The UA rewards these hard-working athletes with a nearly free education, athletic exposure and training and a nurturing environment.

But we have to question whether the free education is of value to the men and women who do so much for us, and whether these athletes should be rewarded in alternative ways.

Currently, our school invests a significant amount of time, resources and money on maintaining the facade of the student athlete. On the surface, it seems the academics are stressed in a number of ways. Coaches are offered bonuses for maintaining a certain level of academic achievement. The university encourages athletes to perform by offering tutors, requiring attendance at study halls, and providing special remedial classes to improve study skills.

All of these programs are not cheap- they cost $500,000 annually to maintain.

Despite all of the university's efforts, student athletes in many of the athletic programs are floundering. Our basketball team - the object of so much attention as of late - maintains an overall grade point average of 2.0, the bare minimum required for eligibility. Only 17 percent of men's basketball players that came into the program between the years of 1990-1993 graduated. Figures for our football team are slightly better, both in GPA and in terms of graduation, but the fact remains that the GPA of the athletic population at the university trails behind that of the general population.

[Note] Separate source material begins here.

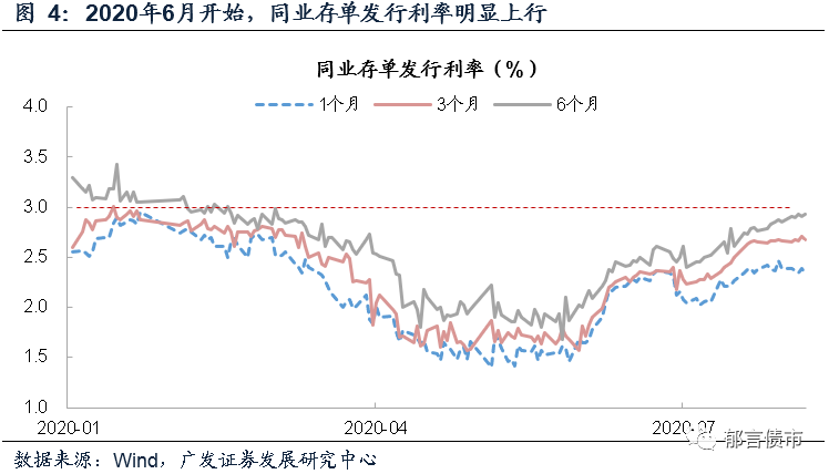 虽然本轮货币政策收紧程度不如2016年,但是本轮短端利率上行幅度已经明显高于2016年。对1年期国开债收益率进行比较,可以发现,剔除2016年底跨年资金面上行带来的“峰值”,2020年这一轮1年期国开债收益率上行幅度大于2016-2017年一轮,且上行过程也要更早。2020年4月29日利率见底,截止2020年8月7日共70个交易日,1年国开收益率在2020年这一轮上行143.7bp,而2016年10月9日利率见底,70个交易日之后,1年期国开收益率上行88.7bp。

What many sports experts realize is that the big moneymakers-men's collegiate football and basketball-are used as minor-league environments for the athletes, many of which have no intention or interest in obtaining a college degree. Quite a few of the athletes in these programs, especially when considering how well-respected our men's basketball team is, come here for the sole purpose of improving their craft and getting offered as an NBA draft pick.

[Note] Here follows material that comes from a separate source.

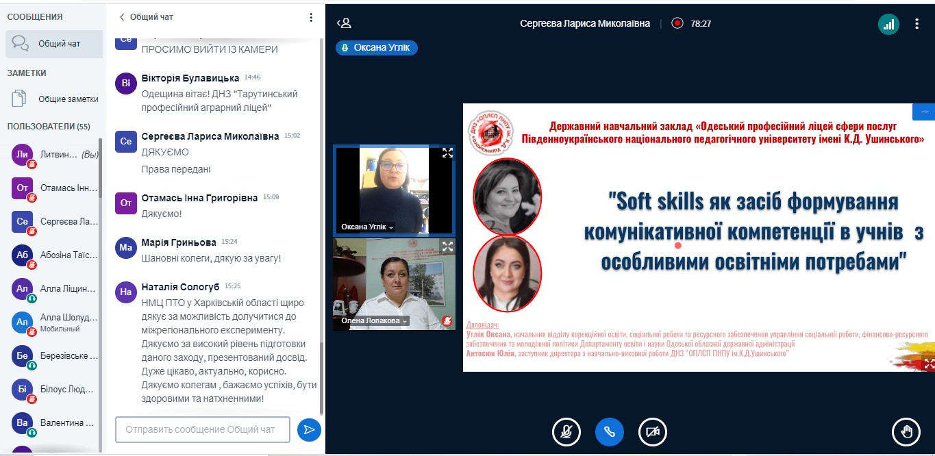 Soft skills як засіб формування комунікативної компетенції у здобувачів освіти з особливими освітніми потребами Антосюк Юлія Василівна, заступник директора з навчально-виховної роботи ДНЗ “ОПЛСП ПНПУ імені К.Д.Ушинського”, Углік Оксана Валентинівна, начальник відділу корекційної освіти, соціальної роботи та ресурсного забезпечення управління соціальної роботи, фінансово-ресурсного забезпечення та молодіжної політики Департаменту освіти і науки Одеської обласної державної адміністрації;

While they are here, the university benefits from them enormously. Everywhere our team goes, the UA gets free advertising and the kind of goodwill that no other marketing device could ever manufacture. That is why the university feels justified in paying Lute Olson and John Mackovic the highest salaries of any state employees, because together they pull money back in to the academic system. According to a recent ESPN.com column, the UA gains roughly $10 million of profit a year from the team. The basketball and football teams fund themselves, along with all of the other athletic programs the UA runs.

Clearly, the university values the work of student athletes. The question is whether the student part of the equation should be maintained any longer. Our talented athletes would benefit more from a program where students received payment or a degree in return for their work. An NBA-bound basketball player might benefit more from the training he receives on the court than a half-hearted attempt at a degree. Regardless, UA athletes are unpaid state employees, and should have a say in how they are rewarded.

For every player that gets into the NBA or another professional league, there will be many more that never make it. As it is, there are plenty of basketball and football players who are very interested in pursuing their degrees - Gene Edgerson being a shining example of this. But the numbers don't lie. Many of the prime money-making sports programs have lousy graduation rates and GPAs.

Perhaps it is time to change how the university views their athletes-less as students and more as employees.